(Beginning of Data shown)
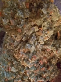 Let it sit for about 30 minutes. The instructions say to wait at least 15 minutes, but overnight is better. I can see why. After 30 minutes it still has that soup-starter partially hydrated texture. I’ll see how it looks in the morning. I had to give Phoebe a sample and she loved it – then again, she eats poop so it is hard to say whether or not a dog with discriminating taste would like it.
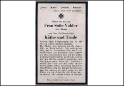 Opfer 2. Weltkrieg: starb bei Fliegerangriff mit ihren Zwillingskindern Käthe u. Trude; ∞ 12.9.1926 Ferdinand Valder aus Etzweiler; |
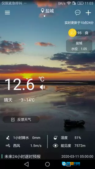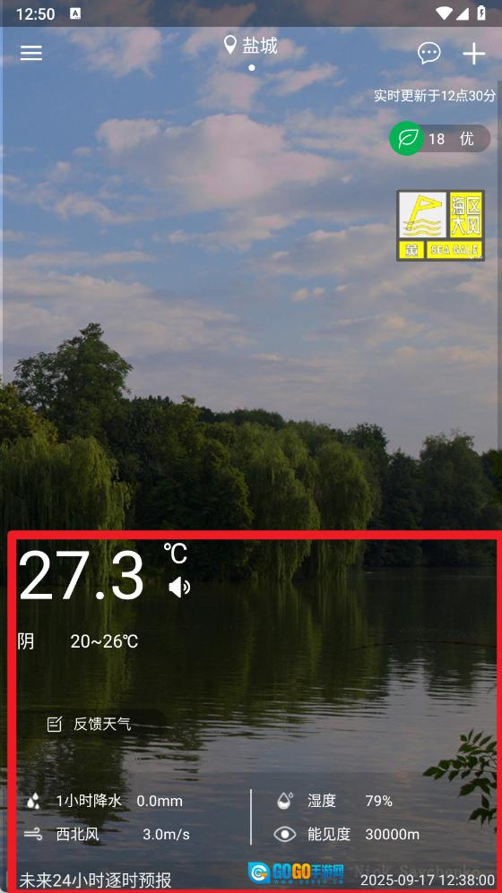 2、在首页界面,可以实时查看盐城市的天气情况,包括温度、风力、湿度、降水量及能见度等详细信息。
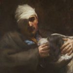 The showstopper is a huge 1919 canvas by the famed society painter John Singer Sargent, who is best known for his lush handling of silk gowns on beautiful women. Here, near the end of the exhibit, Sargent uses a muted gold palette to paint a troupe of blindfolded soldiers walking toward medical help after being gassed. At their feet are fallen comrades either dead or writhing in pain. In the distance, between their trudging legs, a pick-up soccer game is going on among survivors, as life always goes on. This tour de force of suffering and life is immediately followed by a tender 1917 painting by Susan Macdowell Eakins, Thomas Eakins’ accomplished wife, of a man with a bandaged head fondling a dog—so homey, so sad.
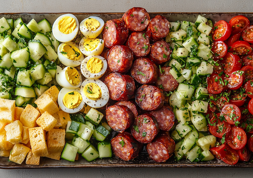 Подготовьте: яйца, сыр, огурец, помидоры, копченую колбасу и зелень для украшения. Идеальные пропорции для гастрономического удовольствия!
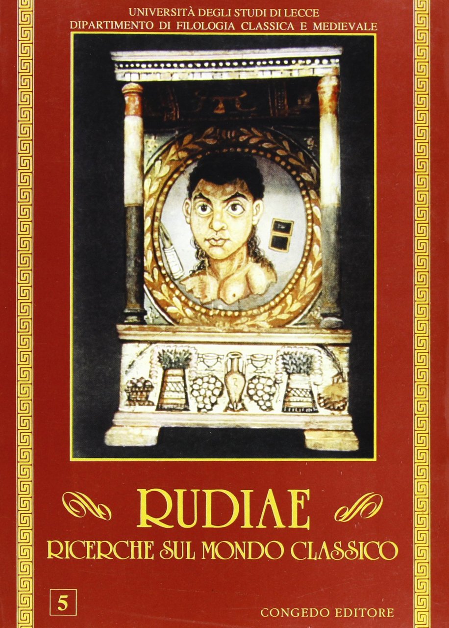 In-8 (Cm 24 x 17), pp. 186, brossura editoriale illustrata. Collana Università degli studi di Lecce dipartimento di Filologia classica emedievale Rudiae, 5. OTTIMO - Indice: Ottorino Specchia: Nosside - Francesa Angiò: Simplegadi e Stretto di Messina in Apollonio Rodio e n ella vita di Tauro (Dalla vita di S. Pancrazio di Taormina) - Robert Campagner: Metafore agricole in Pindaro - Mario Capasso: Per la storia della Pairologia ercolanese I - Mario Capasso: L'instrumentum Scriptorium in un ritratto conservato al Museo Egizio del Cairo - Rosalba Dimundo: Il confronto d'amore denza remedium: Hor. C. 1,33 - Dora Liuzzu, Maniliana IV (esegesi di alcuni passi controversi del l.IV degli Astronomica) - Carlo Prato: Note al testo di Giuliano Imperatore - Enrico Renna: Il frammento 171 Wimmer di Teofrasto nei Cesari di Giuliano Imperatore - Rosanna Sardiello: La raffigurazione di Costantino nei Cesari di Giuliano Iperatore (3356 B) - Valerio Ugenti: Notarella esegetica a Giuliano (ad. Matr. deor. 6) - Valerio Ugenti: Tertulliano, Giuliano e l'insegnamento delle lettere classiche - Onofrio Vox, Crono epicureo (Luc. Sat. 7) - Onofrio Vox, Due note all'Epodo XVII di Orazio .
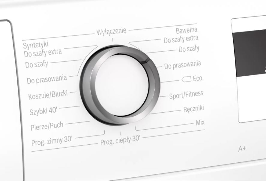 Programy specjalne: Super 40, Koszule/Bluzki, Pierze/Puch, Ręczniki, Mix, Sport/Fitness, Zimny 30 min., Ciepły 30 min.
(End of Data shown)
_Work instruction_
Write out the records above exactly. Begin with the first line, end with the line holding "Opfer 2. Weltkrieg: starb", and drop the pictures.

_Result below_
 Let it sit for about 30 minutes. The instructions say to wait at least 15 minutes, but overnight is better. I can see why. After 30 minutes it still has that soup-starter partially hydrated texture. I’ll see how it looks in the morning. I had to give Phoebe a sample and she loved it – then again, she eats poop so it is hard to say whether or not a dog with discriminating taste would like it.
 Opfer 2. Weltkrieg: starb bei Fliegerangriff mit ihren Zwillingskindern Käthe u. Trude; ∞ 12.9.1926 Ferdinand Valder aus Etzweiler; |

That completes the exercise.